Different organizations incorporate common data formats in their respective workflows. An example of a data format is ISA-TAB-Nano, which is a file transfer protocol for querying among federated data repositories that are independently maintained by organizations with related, but not necessarily overlapping, objectives [12]. NanoCommons made suggestions related to data capturing, including the CEINT’s NanoInformatics Knowledge Commons (NIKC) Excel spreadsheet [12]. The CEINT-NIKC template was modified (simplified and streamlined via the H2020 NanoCommons infrastructure project) for use by the H2020 project NanoFASE, in order to capture complex mesocosm experimental data. Spreadsheets are a common format used by most professionals of all subfields of science, and due to their simplicity and familiarity, they are a reasonable choice for a data entry format.

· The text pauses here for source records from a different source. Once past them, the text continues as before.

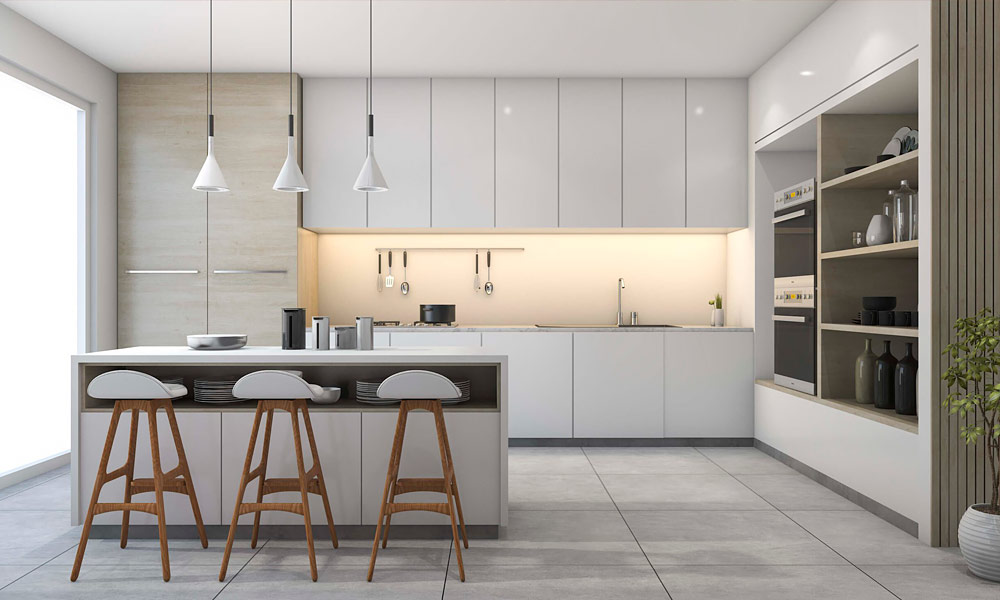 Today's modern design incorporates what is currently on trend, such as natural materials and soothing pastel paint tones, with contemporary style accents such as clean lines or sharp line transitions for added personality without getting too specific about which one. the style is being imitated by this new generation - although you can expect these elements to be more minimalistic than their predecessors so they won't completely overwhelm your space! To avoid stucco or raised panels like in classic kitchens (which would make it stuffy), modern cabinets should have a smooth, flat surface. Thus, you can achieve cleanliness and spaciousness in your kitchen!
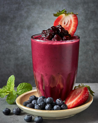 아사이 베리 스무디: 냉동 아사이 베리를 시금치나 케일, 바나나, 그리스 요거트 또는 식물성 단백질 파우더, 원하는 액체(예: 아몬드 밀크 또는 코코넛 워터)와 섞어 믹서기에 넣습니다. 부드럽고 크리미 한 질감이 될 때까지 블렌딩 하여 상쾌하고 영양이 풍부한 스무디를 만드세요.
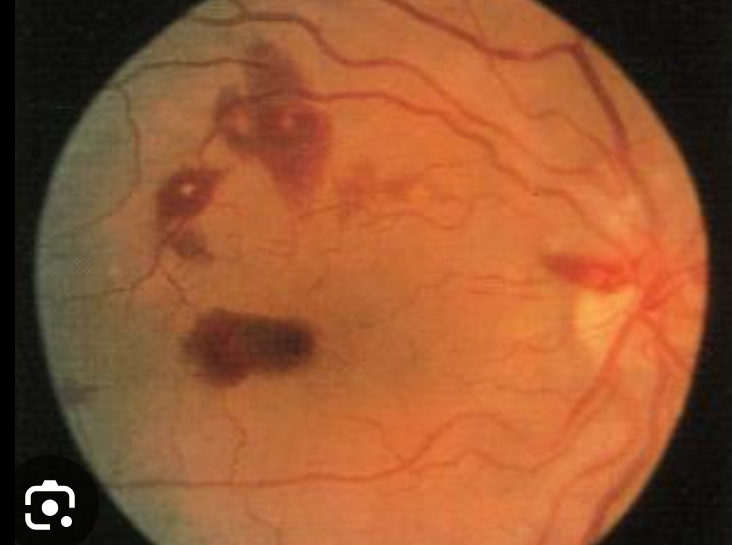 hemorrhagic retinal lesions with a pale centre seen on fundoscopy
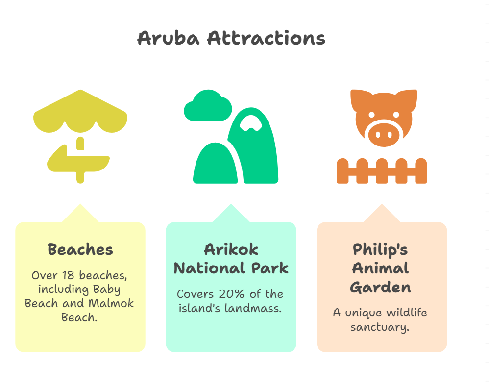 Compare this to Hawaii (mid-Pacific, expensive flights) or The Bahamas (hurricane risks). Aruba wins in convenience + charm.
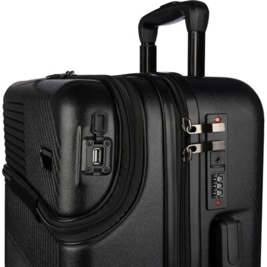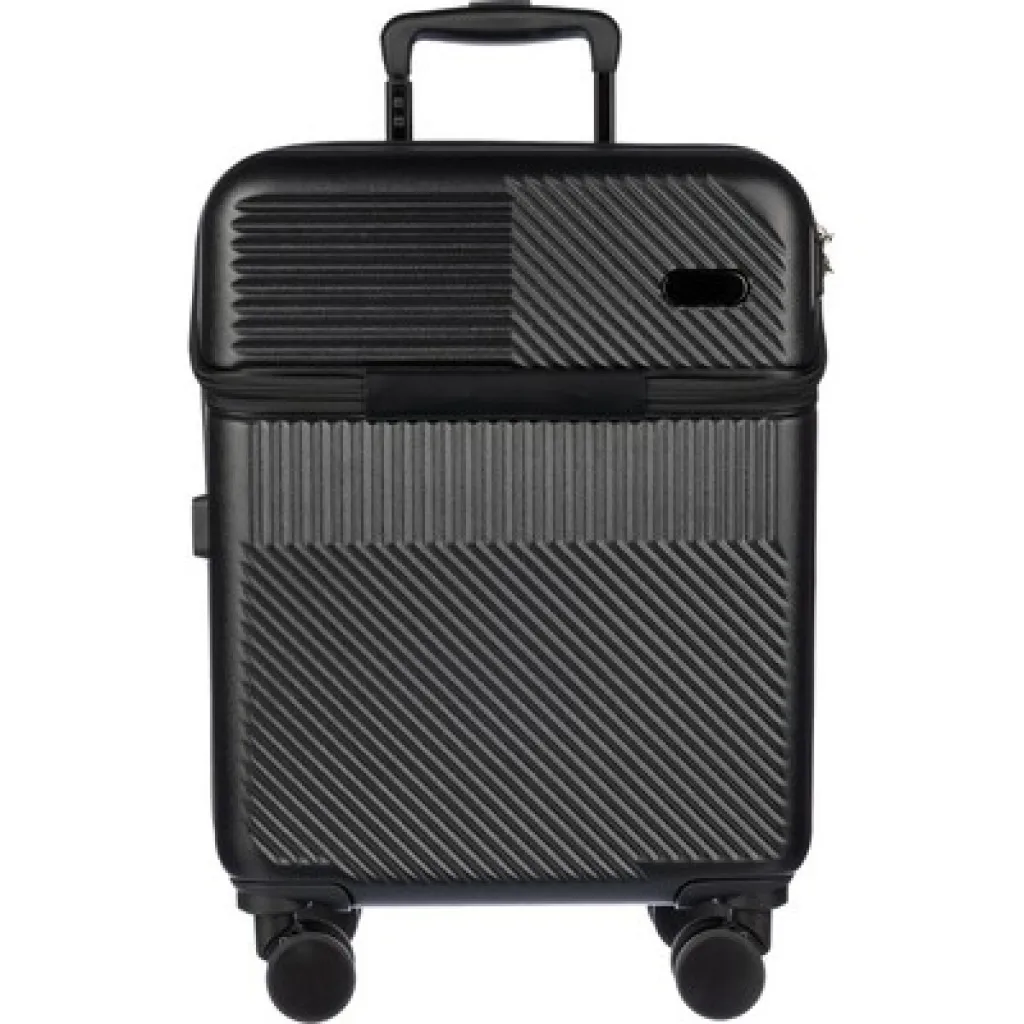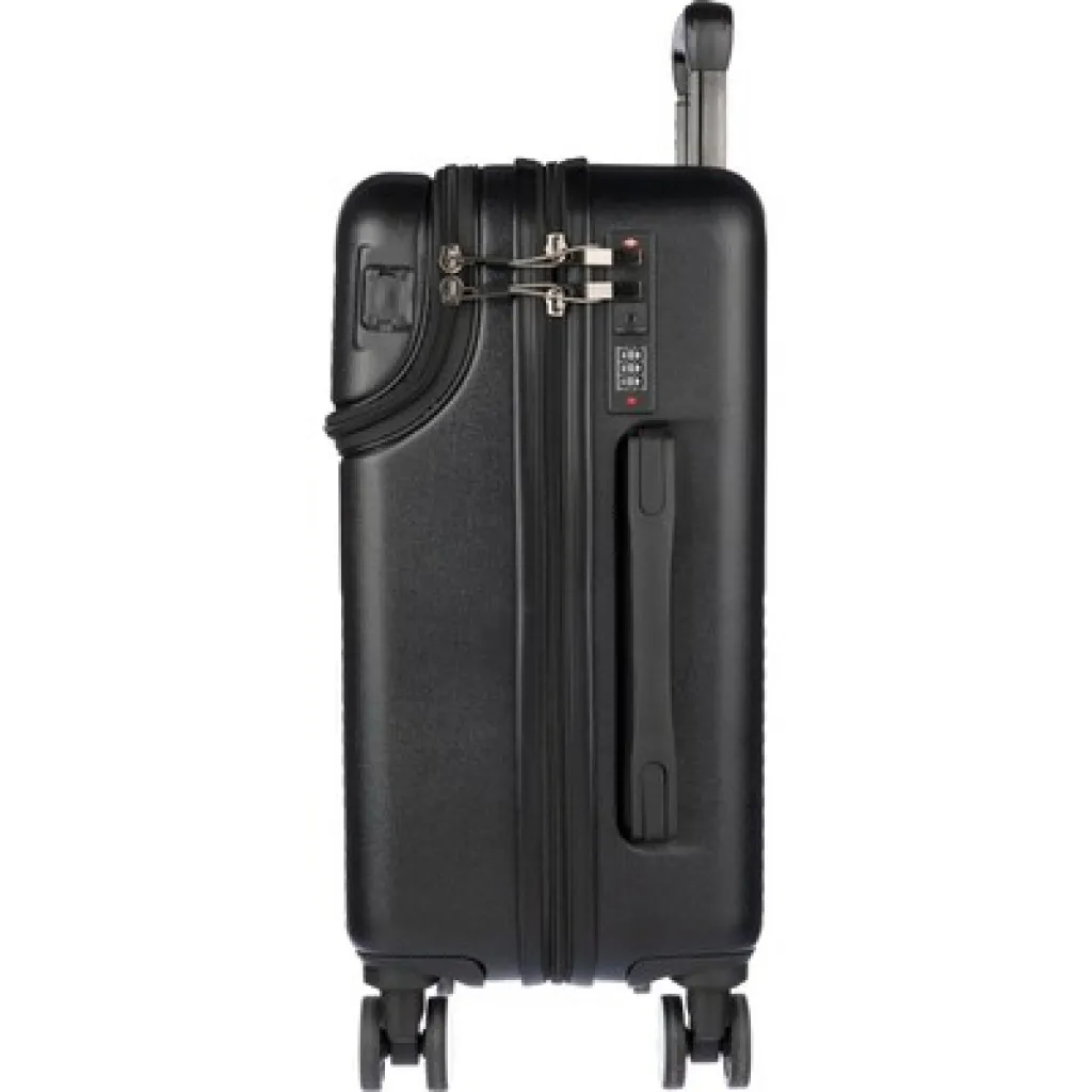 Trolley bag, zippered front laptop pocket, suitable for travelling by coach, train, car or plane, 8 wheels, convenient three-level handle system, includes a number lock protecting against theft, product made from ABS.

An Excel CEINT-NIKC template with seven spreadsheet tabs, including publication, institution, people, measurement, protocol, instrument and dictionary, is shown in Figure 3, and was selected to be used in ASINA to capture information regarding the data. These seven tabs are separated into three broad categories: reference information, measurement, and method. Information and examples regarding the structure of the template can be found here (https://wiki.nci.nih.gov/display/ICR/ISA-TAB-Nano+Curated+Examples, accessed on 1 May 2021).
The measurement tab is where experimental, raw data are deconstructed and organized for a specific ASINA case. Data are entered into this tab, but each data point is connected with metadata descriptions in the methods tabs (protocols and instruments) and annotated in the dictionary Table. Each new row entry into the spreadsheet is given a measurement ID. The data and metadata are linked together through the measurement ID in the referencing ID column. Every measurement ID is linked to a protocol and instrument ID when applicable, which allows the user to determine if the method used to achieve the results is relevant for their workflows or needs the addition of additional data points in computational analyses. The main benefit of the NIKC spreadsheet is that it can accommodate all types of nanosafety experiments, including simple computational workflows, although it is limited by the lack of a nanowide ontology for the annotation of terms, an issue being addressed currently within NanoCommons by expanding the eNanoMapper ontology [5].

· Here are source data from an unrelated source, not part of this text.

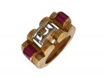 MONTURE de Bague Tank or jaune, poids brut: 12.1g TDD 53 (pierres roses et manques)
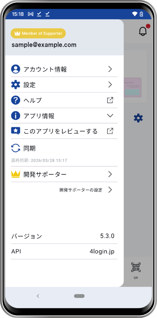 登録済みの場合、アプリのメニュー>アドレス表示の上に「Member of Supporter」の表示が追加されます。
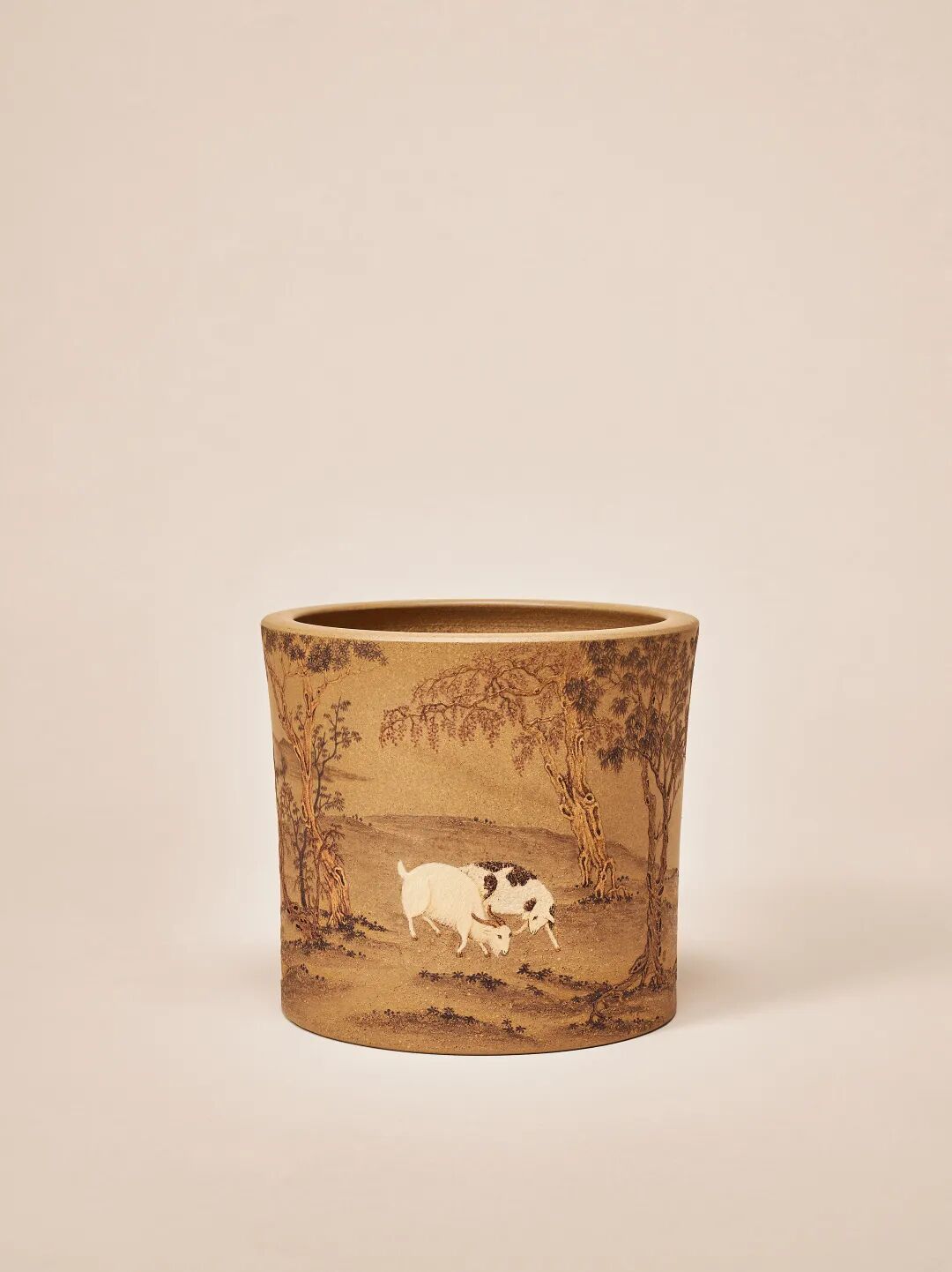 当代 张丹 秋郊牧羊图紫砂五彩堆泥笔筒
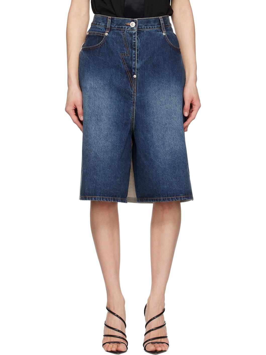 Non-stretch denim and French terry skort. · Paneled construction · Belt loops · Three-pocket styling · Zip-fly · Central vent at hem · Drawstring at elasticized back waistband · Integrated briefs underlay · Logo-engraved silver-tone hardware · Contrast stitching in tan Supplier color: Dark blue Body 1: 100% cotton. Body 2: 100% cotton. Made in South Korea 251252F088013
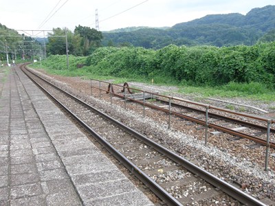 上り線側の側線には貨物ホームの跡もありますが、上下ともに側線は金沢側でしか本線とつながっていません。
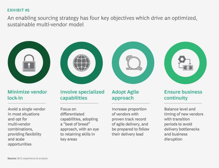 - Ensure business continuity – balance level and timing of new vendors with transition periods to avoid delivery bottlenecks and business disruption

3.5. Template’s Completion

The partners’ feedback to the questionnaire and the Excel spreadsheets comprise the primary steps in the data collection. A common file format, vocabulary and structure must be developed to facilitate the upcoming integration of the experimental information flow. The next step in the formulation of the case-specific templates is to identify particular variables that are required to be captured. The disadvantage of case-specific templates is that they are complicated and time-consuming to design and build. Finding a harmonized template for all data capturing among different fields, such as exposure assessment, toxicology, manufacturing processes, etc., without sacrificing data accuracy and clearness is not feasible.

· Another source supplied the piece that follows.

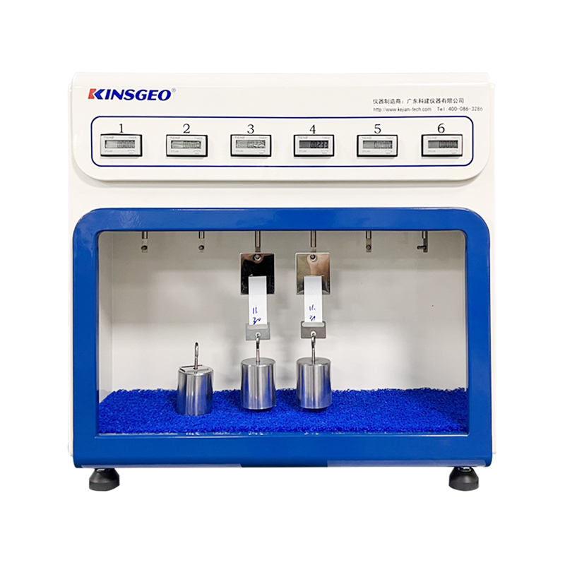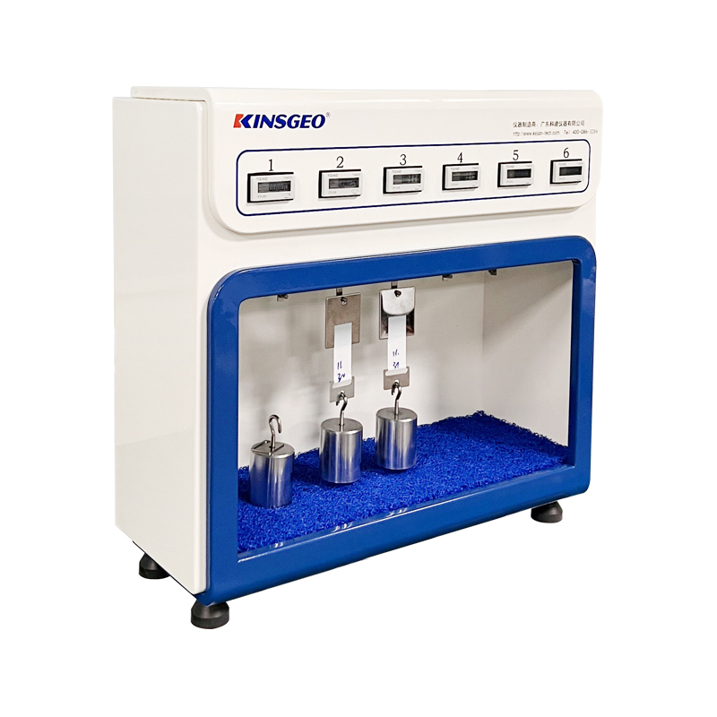 KJ-6006常溫型膠帶保持力試驗機針對膠帶的粘著力做靜太負荷試驗,在一定的荷重下自動記錄膠帶所能保持的時間,以確認膠帶粘著的時效。裁1英寸寬的長條狀膠帶貼于規定的SUS#304不銹鋼板上,經2kg的標準滾輪以每分鐘300mm的速度來回碾壓三次,將鋼板掛于試驗機上,加上規定的砝碼,當膠帶自鋼板上掉落后,計時器會自動保留試驗時間,用來評定膠帶粘著的持久性。該膠帶保持力試驗機廣泛應用于:膠粘帶,保護膜,不干膠,標簽,泡棉,膠粘劑等膠粘制品行業,具有試件掉落時間自動記憶功能,無需操作人員在試驗過程中進行監控;結構美觀大方,操作方便。
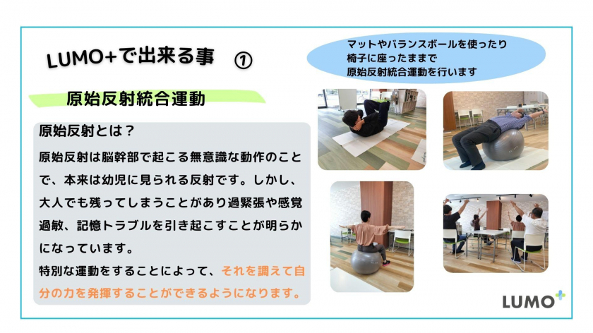LUMO+は、原始反射統合プログラムを基に、400以上あるコンテンツや独自の自己理解プログラムで、一人ひとりの伸ばしたいことを自分のペースで学ぶことができる「できるを増やす」就労支援施設です。

The DMP partner must at this stage combine the external initiative spreadsheets with the information delivered by the project partners. The outcome is then shared with the data creators/analysts as the starting point of an interactive procedure towards the clarification and formalization of the data generation procedures. Information in the literature and data initiatives feedback supplements the process that is primarily driven by the partners’ feedback. The process is iterative until a consensus is reached between the data creators and other partners interested in the data, and the DMP partner is there to shepherd this communication. Future articles in this series will provide detailed explanations of the process, its implementation, and the variables captured in each case. They will also provide the final templates to be filled in. Further discussion of the detailed annotation and integration of knowledge is out of the scope of this paper but is already initiated at this stage. Annotation is performed in collaboration with NanoCommons and, when concluded, is the final step before data integration.

4. Discussion

This article explains and visualizes the process to initiate, design and implement data management and FAIRification processes in a multidisciplinary international project. To our knowledge, this type of task-flow log (case comprehension, composition and information circulation and interaction) has not been available yet in other projects implementing such processes. However, a similar concept to the questionnaire presented in this study has been established for the lifecycle of a metal halide perovskite experimental object, starting from the specification of an experimental set-up through the execution of each experiment object [20]. The authors mention that the lifecycle of an experiment starts in general as a structured, fill-in-the-blank form that provides a general pattern of information needed to specify an experiment. Each object is characterized by its particular type, material, action, observation, and outcome data. Treating entities in this fashion allowed the authors to track the experimental intent, reproduce the particular experimental execution, and clarify the relationship between the nominal experiment and the empirical observations. While the above article represents a concept based on a data model (software pipeline code) strictly applicable in experimental setups, we capture a general template for any type of data and incorporate the process of data shepherding as defined by [5], i.e., facilitating the communication and understanding of specific needs (experimental, analytical, computational) among different partners.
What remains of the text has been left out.